** Opening Given data block **

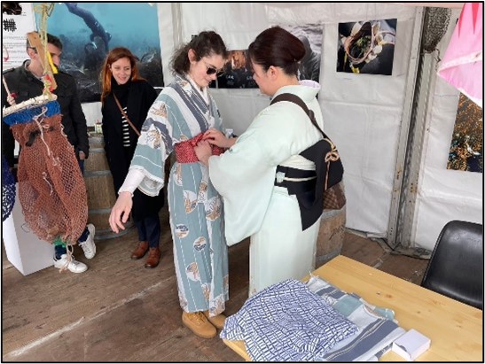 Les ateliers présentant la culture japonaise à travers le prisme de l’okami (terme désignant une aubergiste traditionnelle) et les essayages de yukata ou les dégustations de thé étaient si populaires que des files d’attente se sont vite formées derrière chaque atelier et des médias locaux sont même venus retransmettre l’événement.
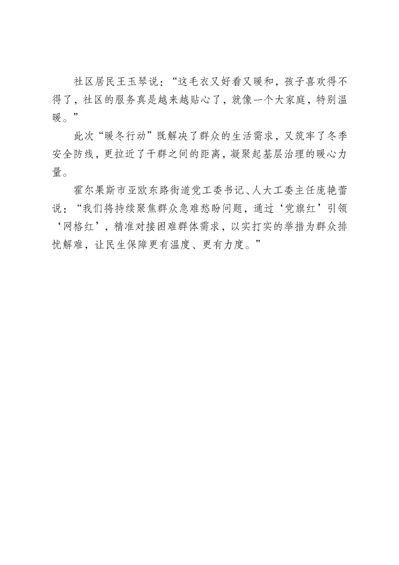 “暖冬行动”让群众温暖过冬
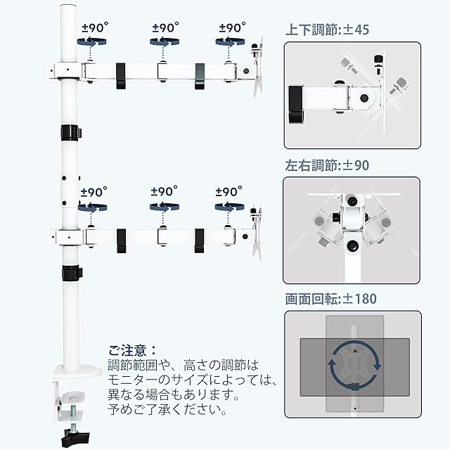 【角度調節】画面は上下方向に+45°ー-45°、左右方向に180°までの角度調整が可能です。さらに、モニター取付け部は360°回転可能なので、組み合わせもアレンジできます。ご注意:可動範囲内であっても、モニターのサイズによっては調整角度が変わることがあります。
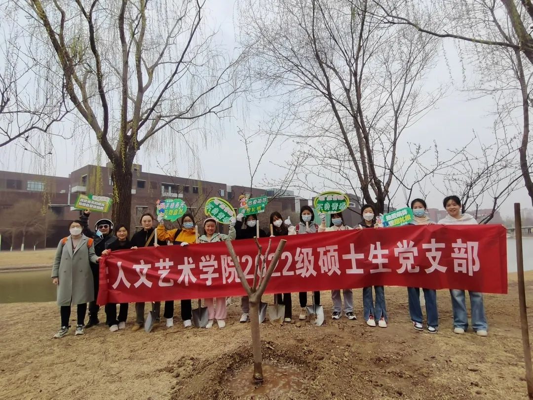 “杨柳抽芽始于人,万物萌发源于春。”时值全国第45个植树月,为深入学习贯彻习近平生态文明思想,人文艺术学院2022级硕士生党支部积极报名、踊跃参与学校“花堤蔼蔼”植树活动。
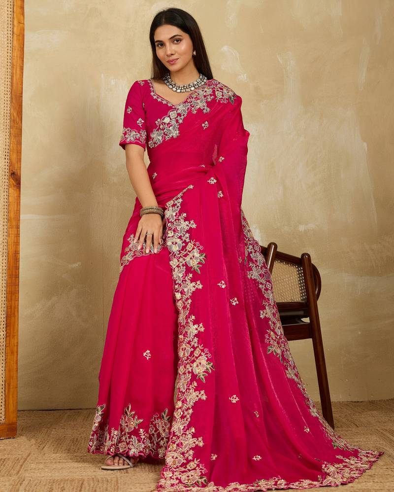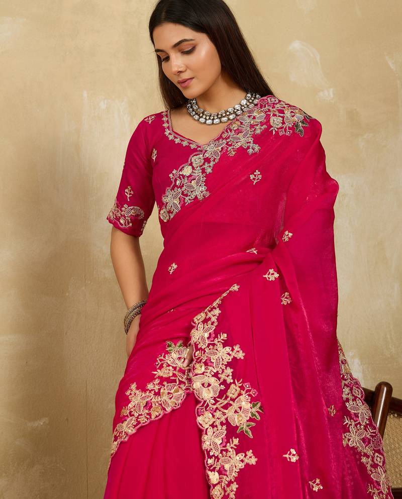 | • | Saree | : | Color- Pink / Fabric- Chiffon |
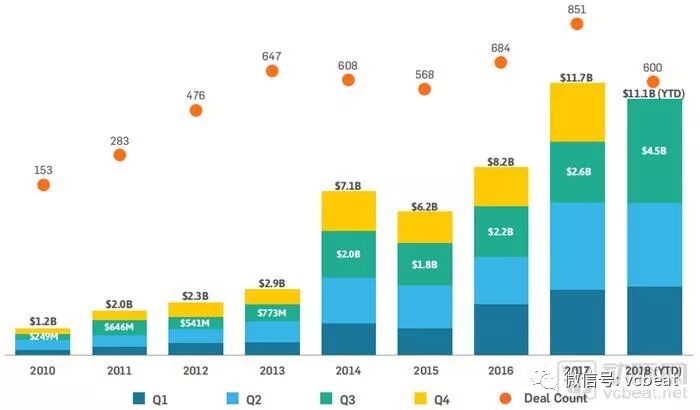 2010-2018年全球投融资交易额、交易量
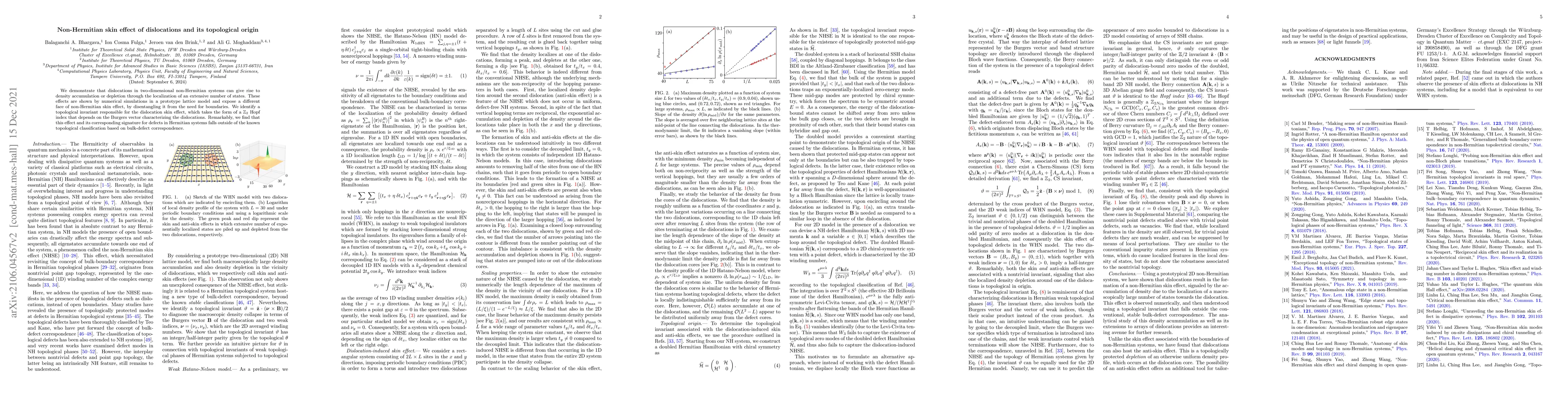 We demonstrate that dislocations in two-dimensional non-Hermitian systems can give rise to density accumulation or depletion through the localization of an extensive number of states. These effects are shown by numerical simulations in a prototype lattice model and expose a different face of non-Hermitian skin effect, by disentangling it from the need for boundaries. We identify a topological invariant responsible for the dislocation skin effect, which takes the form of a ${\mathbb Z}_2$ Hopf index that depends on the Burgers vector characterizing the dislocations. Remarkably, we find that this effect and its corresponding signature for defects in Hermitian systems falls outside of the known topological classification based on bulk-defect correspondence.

** Closing Given data block **

> [Assignment]: Copy exactly, and only, the lines from the first line of the material through the line that contains "2010-2018年全球投融资交易额、交易量", both ends kept; no pictures.

> [Worked solution]:
 Les ateliers présentant la culture japonaise à travers le prisme de l’okami (terme désignant une aubergiste traditionnelle) et les essayages de yukata ou les dégustations de thé étaient si populaires que des files d’attente se sont vite formées derrière chaque atelier et des médias locaux sont même venus retransmettre l’événement.
 “暖冬行动”让群众温暖过冬
 【角度調節】画面は上下方向に+45°ー-45°、左右方向に180°までの角度調整が可能です。さらに、モニター取付け部は360°回転可能なので、組み合わせもアレンジできます。ご注意:可動範囲内であっても、モニターのサイズによっては調整角度が変わることがあります。
 “杨柳抽芽始于人,万物萌发源于春。”时值全国第45个植树月,为深入学习贯彻习近平生态文明思想,人文艺术学院2022级硕士生党支部积极报名、踊跃参与学校“花堤蔼蔼”植树活动。
 | • | Saree | : | Color- Pink / Fabric- Chiffon |
 2010-2018年全球投融资交易额、交易量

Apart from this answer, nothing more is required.